Researchers: Anonymized data does little to protect user privacy

Providing third-parties with data is a necessary cost of living in the 21st century. Whether it’s securing auto insurance, undergoing a routine examination at the dentist, or chatting up friends and relatives on Facebook, each of us will hand over about 1.7MB of data per second next year, according to one recent report.

While our anxiety around how this data will be used has grown considerably in recent years, culminating with the launch of a federal probe by the DOJ in recent weeks, it’s done little to stop the flow of information from individuals to companies, or from one company to another. The data trade, in fact, has overtaken oil as the world’s fastest-growing commodity market according to some experts.

And while we grow increasingly anxious about it, there’s little we can do to stop its flow. We’re assuaged at the thought of our data being anonymized, crucial data points stored as individual blips on a massive database — one that’s so large, with so many of these markers, that it’s nearly impossible to trace back to a single human.

Or, that’s what we were told, anyway. But this has never been true. In fact, we’ve known since the mid-1990s, when Dr. Latanya Sweeney, Professor of Government and Technology in Residence at Harvard University, blew that notion to pieces by identifying the medical records of William Weld (then the Governor of Massachusetts) from just three data points in an anonymous database. Dr. Sweeney, who also heads the Data Privacy Lab at the Institute of Quantitative Social Sciences at Harvard, needed only Weld’s zipcode, his date of birth, and gender to correctly identify him among countless others.

Pressed by NGOs and legislators to truly anonymize data before sharing it with others, companies started to rely on a new method called sampling. In a sample database, no individual, or company, would have access to only a small piece of an anonymous database, and not the entire thing.

In theory, it would lower the risk of re-identification of anonymous individuals by splitting the data into several, smaller samples. This makes it unlikely that any one person would be re-identified, because the number of anonymous data points on each person would be split across several databases — and no company or individual would be able to access all of them.

According to the Office of the Australian Information commissioner, sampling “[creates] uncertainty that any particular person is even included in the dataset.” Or, to put it simply, sampling will prevent re-identification of anonymous individuals. But this too is false.

According to a trio of European researchers, individuals in a sample database can be re-identified 83 percent of the time using just three data points: their gender, date of birth, and zip code. They created a handy tool (that doesn’t store collected data) that you can use to find out how likely you are to be re-identified by these three data points. For me that’s 45 percent of the time, much better than average, but still shockingly high.

In an article published in Nature Communications, the team developed a statistical model that could correctly identify 99.98 percent of Americans using 15 characteristics from an anonymized dataset, including age, gender, and marital status.

The 15 needed characteristics may seem unrealistic for a single company to have obtained, or for an individual to have provided. It’s not. Facebook, Google, and Amazon alone have hundreds, perhaps thousands of data points to pull from, data that you’ve given up based on your search history, the ads you click, and the purchases you make.

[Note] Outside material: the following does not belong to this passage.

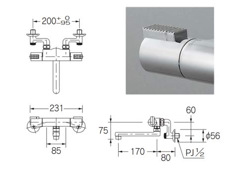浴室用蛇口[壁][浴槽・洗い場兼用][サーモスタット混合水栓][スパウト170mm][寒冷地]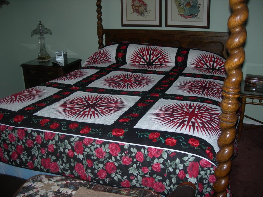 GRAMMERANN Rose Garden - Just put the final stitches on the binding. I started this nearly 2 1/2 years ago but have made others along the way. The original pattern has intricate applique on all the sashing and border, but I knew I could not achieve that so I opted for the machine embroidery instead. I decided to embroider on black since I planned to use the black and red border fabric. Hope you like it.

At this point, the companies don’t even need you to give them this data, as they can make an educated guess that’s reasonably accurate based on your behavior while using certain websites or applications.

And what they aren’t tracking, they’re buying. Data brokers are big business, and exist solely to provide competitive insights into everything from your household income to who you voted for in the last election.

According to the researchers:

Contrary to popular belief, sampling a dataset does not provide plausible deniability and does not effectively [protect] people’s privacy.

We believe that, in general, it is time to move away from de-identification and tighten the rules for constitute truly anonymized data. Making sure data can be used statistically, e.g., for medical research is extremely important but cannot happen at the expense of people’s privacy. Datasets such as the NIGMS and NIH genetic data, the Washington State Health Data, the NYC Taxicab dataset, the Transport For London bike sharing dataset, and the Australian de-identified Medicare Benefits Schedule (MBS) and Pharmaceutical Benefits Schedule (PBS) datasets have been show to be easily re-identifiable.

Anonymized data is better than the alternative, but it’s clear that we have some work to do in increasing our understanding of what’s collected and how it may be used against us.